── DATA SUPPLIED ──

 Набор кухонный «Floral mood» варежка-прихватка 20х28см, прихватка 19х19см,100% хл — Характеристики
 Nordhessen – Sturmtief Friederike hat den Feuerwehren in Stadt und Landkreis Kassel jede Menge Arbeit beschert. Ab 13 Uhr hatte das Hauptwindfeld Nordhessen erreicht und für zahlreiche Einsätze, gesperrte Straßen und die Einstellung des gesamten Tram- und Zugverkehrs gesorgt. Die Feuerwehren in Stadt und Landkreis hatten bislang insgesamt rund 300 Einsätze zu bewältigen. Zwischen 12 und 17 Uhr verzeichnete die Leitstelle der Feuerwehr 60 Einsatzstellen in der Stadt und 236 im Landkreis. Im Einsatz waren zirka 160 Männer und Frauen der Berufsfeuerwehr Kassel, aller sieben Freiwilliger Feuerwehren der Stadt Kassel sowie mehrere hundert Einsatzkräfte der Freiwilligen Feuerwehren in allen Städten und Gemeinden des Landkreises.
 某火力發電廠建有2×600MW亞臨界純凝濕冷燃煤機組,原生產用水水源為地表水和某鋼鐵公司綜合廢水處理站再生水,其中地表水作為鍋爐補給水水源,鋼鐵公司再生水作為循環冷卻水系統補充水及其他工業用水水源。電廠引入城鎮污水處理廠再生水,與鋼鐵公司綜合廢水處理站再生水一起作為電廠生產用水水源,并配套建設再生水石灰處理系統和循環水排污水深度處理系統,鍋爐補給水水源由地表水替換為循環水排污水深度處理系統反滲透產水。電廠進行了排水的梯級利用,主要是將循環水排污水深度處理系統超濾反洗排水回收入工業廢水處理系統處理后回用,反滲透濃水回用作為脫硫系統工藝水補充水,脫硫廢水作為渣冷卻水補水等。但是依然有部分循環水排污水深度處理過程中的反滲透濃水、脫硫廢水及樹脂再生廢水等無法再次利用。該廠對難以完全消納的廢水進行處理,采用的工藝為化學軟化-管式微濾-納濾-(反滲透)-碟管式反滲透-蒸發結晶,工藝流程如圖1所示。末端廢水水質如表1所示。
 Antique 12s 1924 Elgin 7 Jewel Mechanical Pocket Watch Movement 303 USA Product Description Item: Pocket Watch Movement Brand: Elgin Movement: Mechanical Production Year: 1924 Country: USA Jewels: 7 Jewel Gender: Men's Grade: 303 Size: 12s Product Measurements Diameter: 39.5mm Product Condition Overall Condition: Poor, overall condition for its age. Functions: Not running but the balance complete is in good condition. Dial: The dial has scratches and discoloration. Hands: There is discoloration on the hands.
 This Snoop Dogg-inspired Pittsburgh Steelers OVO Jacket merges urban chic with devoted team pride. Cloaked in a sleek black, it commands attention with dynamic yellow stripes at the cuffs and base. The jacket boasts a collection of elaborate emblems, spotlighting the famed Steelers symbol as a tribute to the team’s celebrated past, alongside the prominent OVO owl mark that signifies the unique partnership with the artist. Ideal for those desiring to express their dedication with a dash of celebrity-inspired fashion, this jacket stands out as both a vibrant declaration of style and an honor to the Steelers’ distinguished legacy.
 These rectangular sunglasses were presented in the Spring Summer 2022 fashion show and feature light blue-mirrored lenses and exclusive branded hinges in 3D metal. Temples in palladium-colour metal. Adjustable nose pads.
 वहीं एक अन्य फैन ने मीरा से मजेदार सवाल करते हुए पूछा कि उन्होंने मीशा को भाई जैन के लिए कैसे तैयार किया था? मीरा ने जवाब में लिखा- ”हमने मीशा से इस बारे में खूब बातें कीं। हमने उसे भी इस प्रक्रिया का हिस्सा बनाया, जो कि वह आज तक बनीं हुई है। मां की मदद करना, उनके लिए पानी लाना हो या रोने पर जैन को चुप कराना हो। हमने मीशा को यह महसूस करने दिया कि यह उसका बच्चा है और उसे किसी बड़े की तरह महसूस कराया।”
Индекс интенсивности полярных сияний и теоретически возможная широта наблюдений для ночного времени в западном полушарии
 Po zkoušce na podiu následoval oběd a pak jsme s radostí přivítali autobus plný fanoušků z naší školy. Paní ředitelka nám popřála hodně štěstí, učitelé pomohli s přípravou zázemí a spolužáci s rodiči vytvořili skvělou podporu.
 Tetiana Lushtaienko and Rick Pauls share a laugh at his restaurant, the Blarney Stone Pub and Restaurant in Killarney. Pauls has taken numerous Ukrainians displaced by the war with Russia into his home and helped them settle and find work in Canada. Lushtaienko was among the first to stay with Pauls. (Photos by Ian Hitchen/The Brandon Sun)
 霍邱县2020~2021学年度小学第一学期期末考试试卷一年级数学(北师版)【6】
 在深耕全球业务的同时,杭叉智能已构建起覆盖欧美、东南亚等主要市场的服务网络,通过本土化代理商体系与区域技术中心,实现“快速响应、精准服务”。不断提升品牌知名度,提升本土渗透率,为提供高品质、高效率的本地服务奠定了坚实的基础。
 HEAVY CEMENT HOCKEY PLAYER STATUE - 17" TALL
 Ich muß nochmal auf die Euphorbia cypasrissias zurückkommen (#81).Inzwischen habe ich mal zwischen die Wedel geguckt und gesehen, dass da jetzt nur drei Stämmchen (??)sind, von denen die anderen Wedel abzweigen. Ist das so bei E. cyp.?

───

In the entries above, find every line with the word "fashion" and list it.

_TASK SOLUTION_:
 This Snoop Dogg-inspired Pittsburgh Steelers OVO Jacket merges urban chic with devoted team pride. Cloaked in a sleek black, it commands attention with dynamic yellow stripes at the cuffs and base. The jacket boasts a collection of elaborate emblems, spotlighting the famed Steelers symbol as a tribute to the team’s celebrated past, alongside the prominent OVO owl mark that signifies the unique partnership with the artist. Ideal for those desiring to express their dedication with a dash of celebrity-inspired fashion, this jacket stands out as both a vibrant declaration of style and an honor to the Steelers’ distinguished legacy.
 These rectangular sunglasses were presented in the Spring Summer 2022 fashion show and feature light blue-mirrored lenses and exclusive branded hinges in 3D metal. Temples in palladium-colour metal. Adjustable nose pads.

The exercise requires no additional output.